The maga pulled out a sheet of parchment and inked her quill. “I hope to Samusin that Djern is still alive, but I can’t delay any longer. If we don’t hold the meeting now, the dwarves, elves, and men won’t arrive before winter, and they’re bound to get stuck in the snow.”
“They’ll come as soon as they can,” Narmora assured her. “There’s plenty to discuss.” According to reports, cracks were appearing in the great alliance. News had reached Porista of a dispute that had arisen between the elves and dwarves during a battle in Dsôn Balsur. Both sides were refusing to take arms against the älfar until the other apologized, but neither was prepared to accept the blame. The destruction of the siege engines was a further obstacle to the allies’ progress, granting the älfar a dangerous reprieve.
Narmora recalled the rumors about King Belletain’s army. “We’ll have to ask the king of Urgon why his warriors are marching north. There’s speculation that he means to attack the fourthlings, but he’s probably after the trolls. Isn’t his physician a dwarf?”
“Belletain is a cretinous cripple,” pronounced Andôkai, lowering her quill. “He took over from his nephew Lothaire, whom the people loved and admired. Belletain has profited from his nephew’s popularity, although it’s more a case of pity than respect. A mad king and an adoring populace—it’s a dangerous mix.”
“If you don’t mind, I need to check on Dorsa,” said Narmora, straightening up and striding to the door. “I’ll be back in time for my lesson.” She left the library and hurried t
hrough the empty corridors of the palace.
Dorsa was tucked up in her cot. For a moment, Narmora feared that the weight of the blankets had crushed her little chest, which was ridiculous, of course. The little girl was sleeping peacefully, tiny arms beside her head. Her breathing was calm and regular, which set Narmora’s mind at ease
“How you’ve grown,” she whispered, stroking the baby’s downy head.
Her daughter was an endless source of comfort, proof that everything would be all right. A single smile from Dorsa was enough to banish all her doubts. Narmora could gaze forever at her sweet dimpled cheeks and tiny mouth, but sometimes another face would haunt her, the face of a tiny, lifeless baby moldering under a pile of stones.
She stooped down to kiss the pointy tip of her daughter’s left ear. Dorsa smiled in her sleep. “Sleep well, my darling,” she whispered softly. “Your brother’s death will be avenged.” She left the nursery on tiptoe and crossed the corridor to Furgas’s room. Hearing the door open, Rodario leaped to his feet, dagger in hand. “Oh, it’s you,” he said shamefacedly. His forehead was lined with creases from the sheets, indicating that he had been asleep.

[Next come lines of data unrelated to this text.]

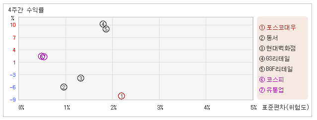 | 포스코대우 | BGF리테일 | 동서 | 현대백화점 | GS리테일 | |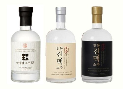 | ▲ From left: Yangpyeong Wheat Soju 53 (Ubou Juchaek), Andong Jinmaek Soju 40°, and Andong Jinmaek Soju 53° (Maenggae Suldoga), screenshot from the brewers' website. (PHOTO NOT FOR SALE) (Yonhap) |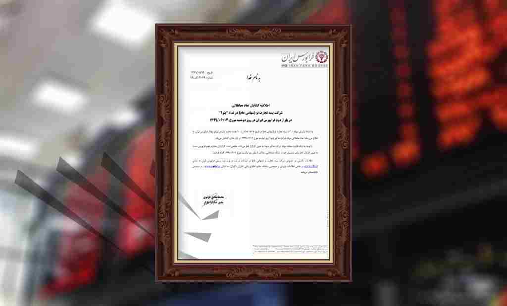 به گزارش اخبارپول، با توجه به عملکرد مطلوب و به تبع آن دستاوردهای قابل توجه مالی، در تاریخ ۱۶ تیرماه نماد بیمه تجارتنو پس از گذر از مرحله پذیرش، دربازار دوم درج شد و حال بنابر اعلام فرابورس، دوشنبه سوم شهریورماه، نماد معاملاتی سهام این شرکت تحت عنوان ” بنو ۱ ” در بازار دوم گشایش مییابد.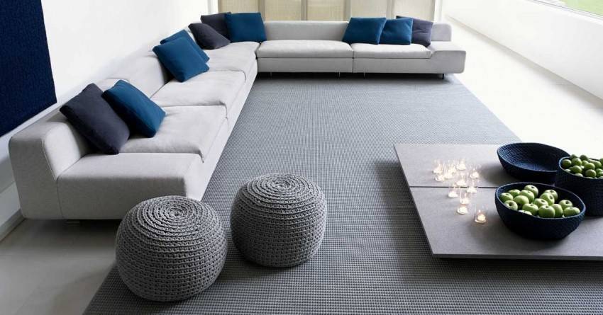 Если позволяет стилистика квартиры, пуфу можно выделить место яркого акцента. В таком случае он может не сочетаться с другими предметами мебели. Такое решение вписывается в современные дизайнерские проекты.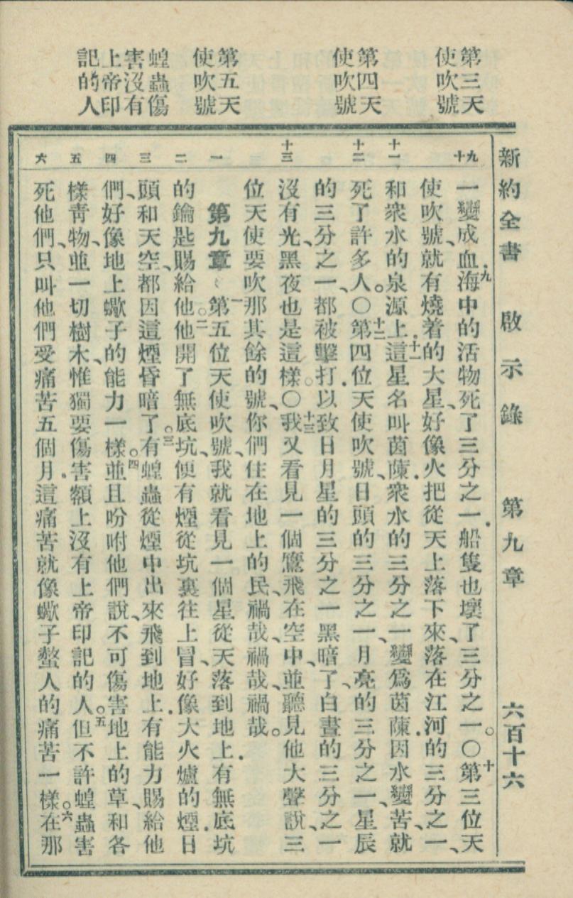 1936年新約全書 啟示錄 8 章 9 節到 9 章 6 節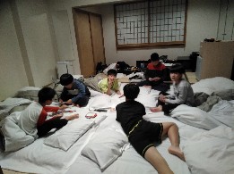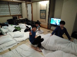 入浴を済ませて、今はみんな部屋でくつろいでいます。この後は、22時30分に就寝となります。明日に備えて、ゆっくり休んで欲しいと思います。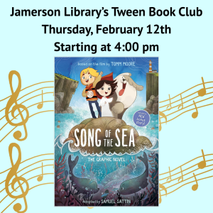 Jamerson Tween Book Club starting at 4:00 pm in the Library’s community room. Introducing our new Tween Book Club featuring the graphic novel “Song of the Sea” by Samuel Sattin. A lush graphic novel about a family adrift and the magical adventure that brings them together. Many years after the disappearance of their mother, siblings Ben and Saoirse are still drowning in grief, as is their lighthouse-keeper father. Ben blames his little sister for the loss of their mother, and despite being six years old, Saoirse has yet to speak. When the kids discover that Saoirse is a selkie and the magical world that their mother told stories about is real, they dive into an adventure to keep the spirit world from disappearing forever. Based on the award-winning film Song of the Sea, this graphic novel is a wonder of magical storytelling and visual splendor that is destined to become a classic. There are multiple copies of this book available at the circulation desk.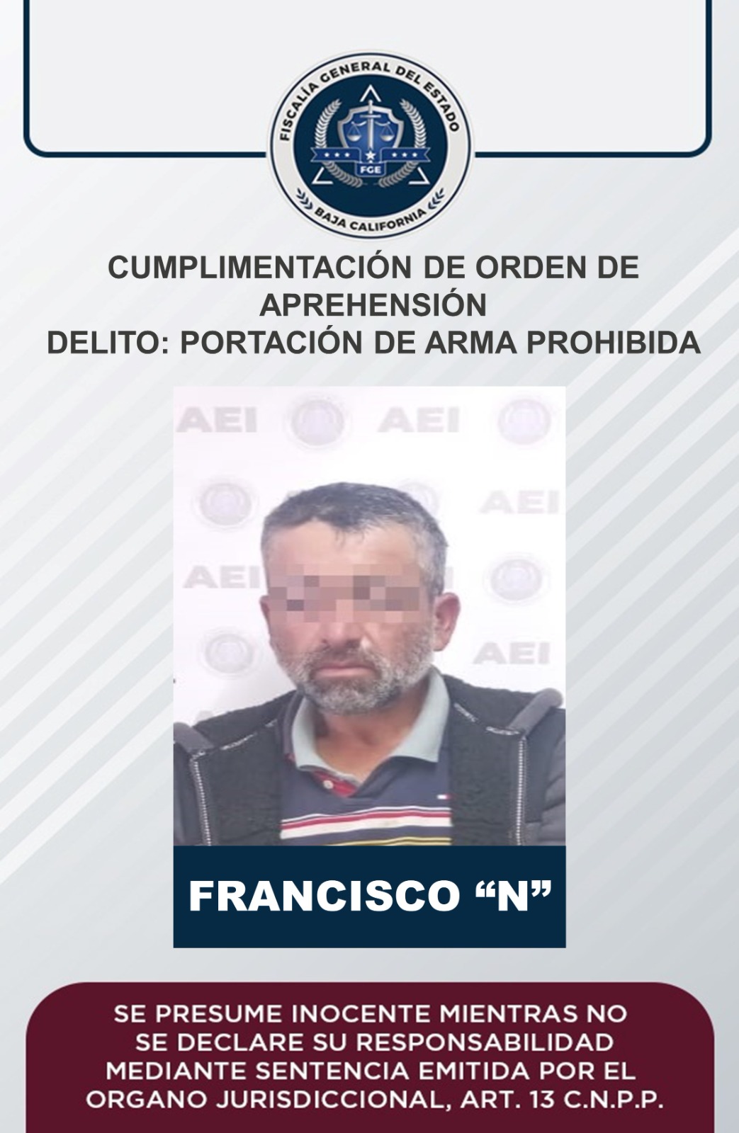 ENSENADA B.C. La Fiscalía General del Estado cumplimentó una orden de aprehensión en contra de Francisco “N”, de 50 años de edad, por el delito de portación de arma prohibida.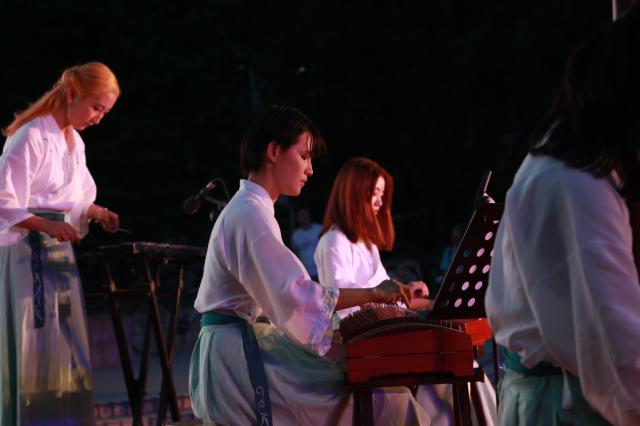 毕业生晚会分“前程似锦,且行且歌”“天涯此时、月共一轮”“桃李不言、润物无声”三个篇章,毕业生们通过合唱、舞蹈、民乐、朗诵等表演形式,表达了对未来的美好期待、对校园生活的依依不舍、对母校的深深感恩。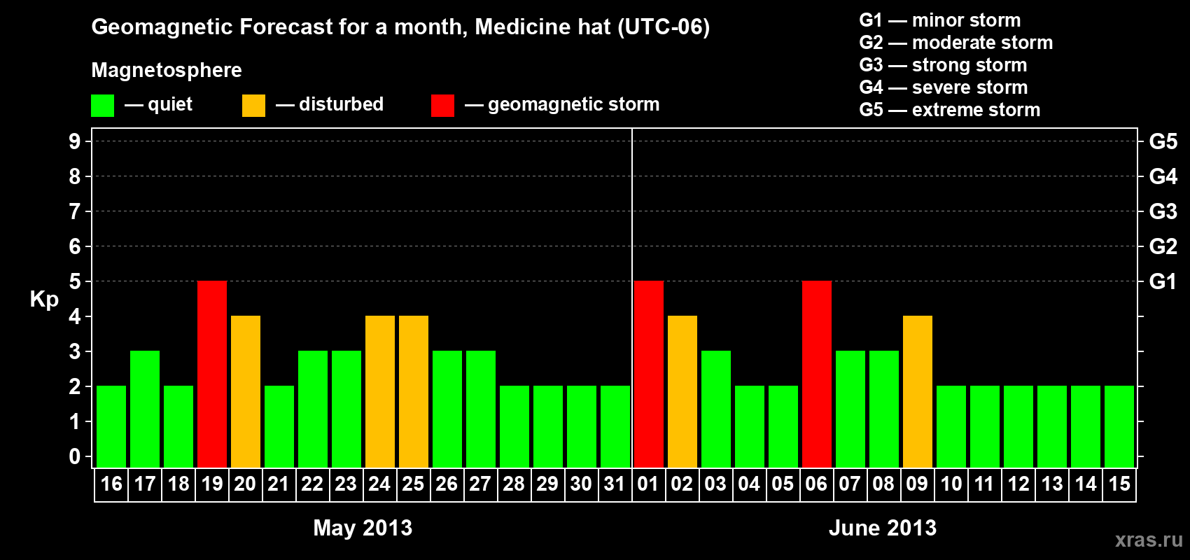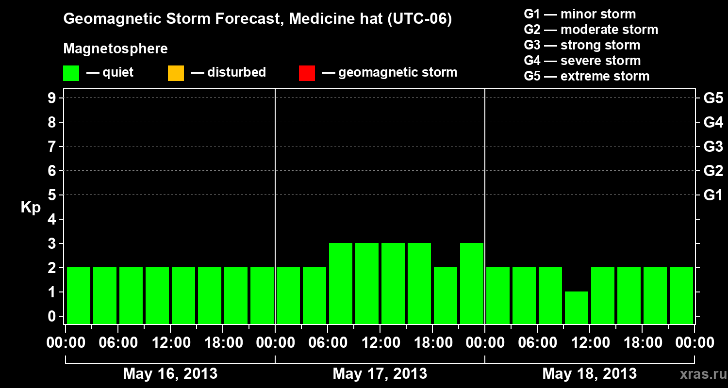 Geomagnetic storm forecast in Medicine hat for May 16, 2013
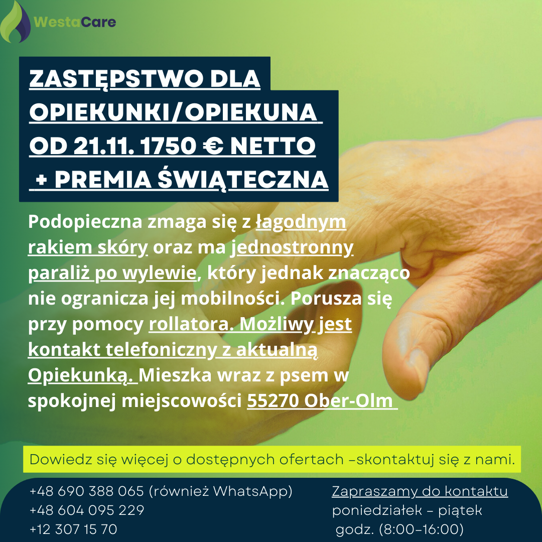 Zastępstwo dla Opiekunki/Opiekuna od 21.11. 1750 € netto + Premia Świąteczna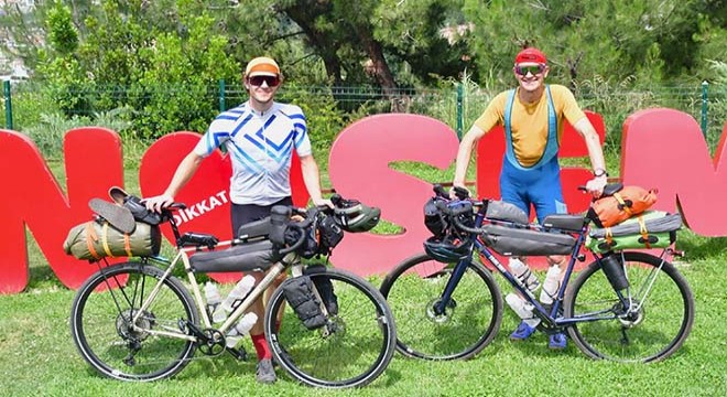 Dünya turuna çıkan İngiliz bisikletçiler baba Geoffrey Sherwood, oğul William Sherwood, Türkiye'de yaşanan depremlerden etkilenen vatandaşlara maddi yardım amacıyla binlerce kilometre pedal çeviriyor. Bisikletle Kıbrıs'tan Londra'ya yola çıkan baba ve oğul, Manisa-İzmir güzergahında Yunusemre Belediyesi'nin misafiri oldu. Baba ve oğul, yorucu temponun ardından Yunus Emre Kültür Parkı Tesisleri'nde bir gece konakladı ve burada Osmanlı Müzesi'ni ziyaret ederek Türkiye'nin kültürü ve tarihi hakkında bilgi sahibi oldu. Bisiklet turunu depremzedelere destek amacıyla yaptıklarını belirten baba Geoffrey Sherwood, "Hatay ve çevre illerde yaşanan depremler bizi üzdü. Bölgedeki depremden etkilenen vatandaşlara yardım amacıyla böyle bir tura çıktık. Tur esnasında gittiğimiz topluluklarımızdan para topluyoruz. Şimdiye kadar 3 bin pound topladık. Londra'ya kadar 2 bin pound daha toplayıp elde edilen 5 bin poundu ilgili kurumlara ve derneklere bağışlayacağız. Hem sosyal sorumluluk hem de yeni insanlar tanıma açısından yollardayız" dedi. Türkiye'yi ve Manisa'yı çok beğendiklerini kaydeden Geoffrey Sherwood, "Biz İngiltere'nin Bournemouth kentinde yaşayan bisiklet tutkunu bir aileyiz. Ben bilgisayar mühendisliğinden emekliyim, oğlum da acil serviste doktor. Türkiye'de dost canlısı insanlarla karşılaştık ve çok iyi ağırlandık. Hiçbir sorun yaşamadık. Bizleri güzel tesislerinde ağırlayan Yunusemre Belediyesi'ne teşekkür ediyoruz" diye konuştu.(DHA)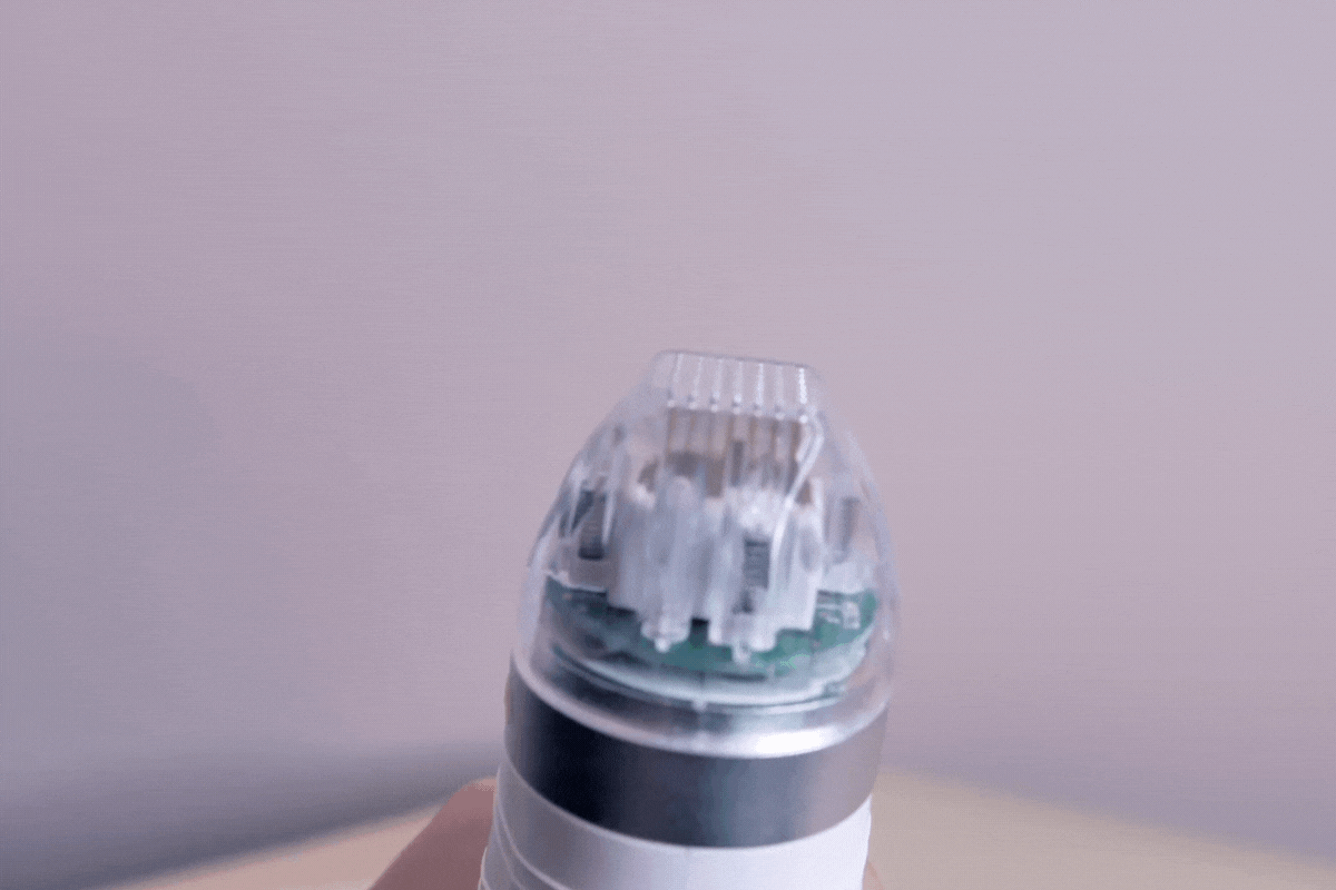 Comment ça marche? L’outil ressemble à une seringue contenant la quantité de traitement à base de niacinamide nécessaire pour six applications. La boîte contient six têtes dotées chacune de dix-huit micropointes de 0,02 mm. La routine manuelle table sur 1.800 stimulations mécaniques. Il s’utilise tous les deux jours.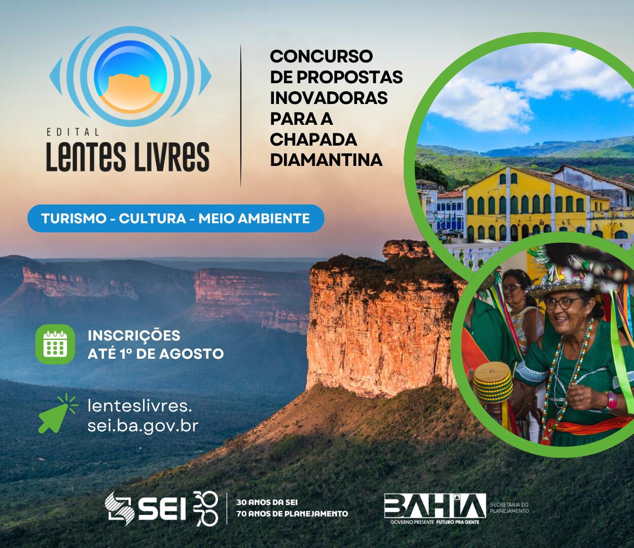 Moradores de 45 municípios da Chapada Diamantina poderão concorrer a prêmios em dinheiro com propostas criativas voltadas ao fortalecimento do turismo, da cultura e do meio ambiente da região. O edital do concurso Lentes Livres foi publicado pelo Governo do Estado, por meio da Superintendência de Estudos Econômicos e Sociais da Bahia (SEI), e está disponível no site lenteslivres.sei.ba.gov.br.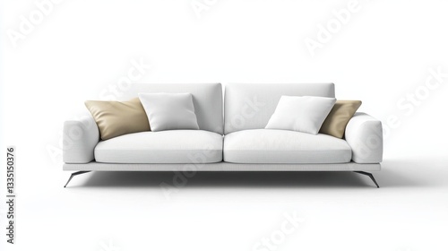Fototapeta premium Modern White Sofa with Beige Pillows on White Background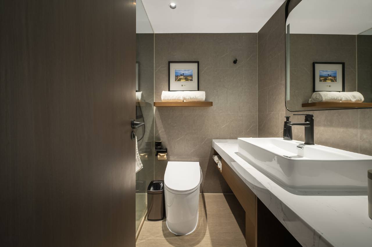 空间布局实用又整洁,30㎡左右的房间毫无局促感,双人书桌和独立衣帽架满足出行收纳与办公需求,浴室干湿分离设计清爽利落,自有品牌"ZMOOD"洗护用品带着清新淡雅的香气,沐浴体验很加分。更难得的是隔音效果,双层玻璃窗和厚重门体把街面噪音隔绝在外,即便临街也能拥有安静的睡眠环境。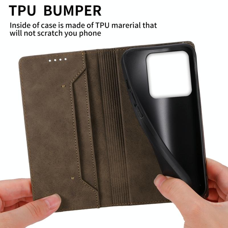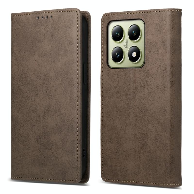 For Xiaomi 14T Business Solid Color Magnetic RFID Leather Phone Case(Brown)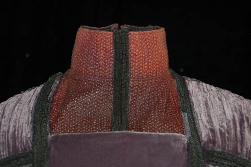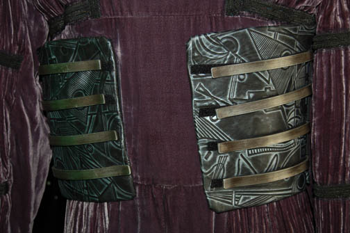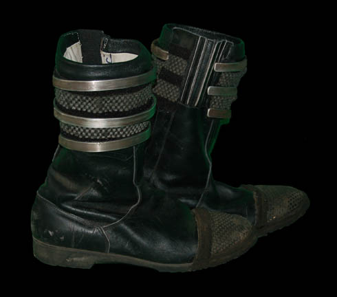 Description: The ‘Tarlac' were a primitive race that appeared in the Star Trek: Insurrection feature film as the indentured servants to the more powerful ‘Son’a’. This jumpsuit was worn by a Tarlac officer serving on board the Son’a “Ru’afo’s” (F. Murray Abraham) flagship. Made of purple velvet, the jumpsuit has black rubber capillary detail strips around the arms and body. There are also Velcro areas on each side of the waist where metal ribs mounted on silver vinyl attach. A mottled brown dickie worn under the jumpsuit is also included. Black boots with capillary rubber trim accompany the costume. Each boot comes with three egg shaped rings that are designed to go around the top. In some cases the rings have come loose and may need to be reattached with glue.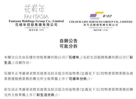 花樣年、彩生活聯(lián)合公告,花樣年正考慮尋求將其商業(yè)及綜合混合用途物業(yè)的物業(yè)管理業(yè)務(wù)及商業(yè)營運服務(wù)業(yè)務(wù)于聯(lián)交所主板單獨上市(「花樣年分拆」)。 彩生活正考慮尋求將其商業(yè)及綜合混合用途物業(yè)的物業(yè)管理業(yè)務(wù)于聯(lián) 交所主板單獨上市(「彩生活分拆」)。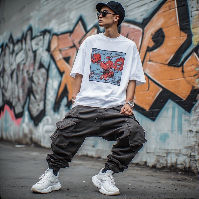 8. Streetwear Style Graphic Tee with Baggy Cargo Pants
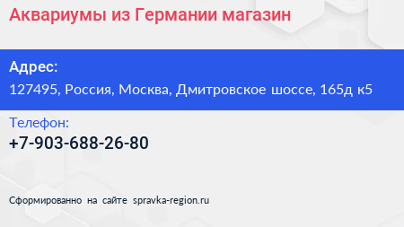 Аквариумы из Германии, магазин по адресу 127495, Россия, Москва, Дмитровское шоссе, 165д к5 в дальнейшем Организация, размещена в следующих категориях:

“Honestly, Rodario,” she said briskly. “What would the maga think if she found you in the palace with a dagger? You’ll have to do better than this; I’m relying on your talents as an actor.” She paused to kiss Furgas and caress his pale cheeks. “Andôkai has called a meeting about the avatars,” she continued.
Rodario sat up straight and ran a hand over his pointed beard. “Listen, Narmora… Do you really mean to kill her?”
She glared at him angrily, so he hastened to elaborate. “She’s our only maga,” he said diplomatically, trying not to rile her. “It won’t make you any friends.”
“No one will know it was me,” she said confidently, wetting a cloth and squeezing it gently over Furgas’s cracked lips. “Andôkai has taught me well; I know how to cover my tracks.”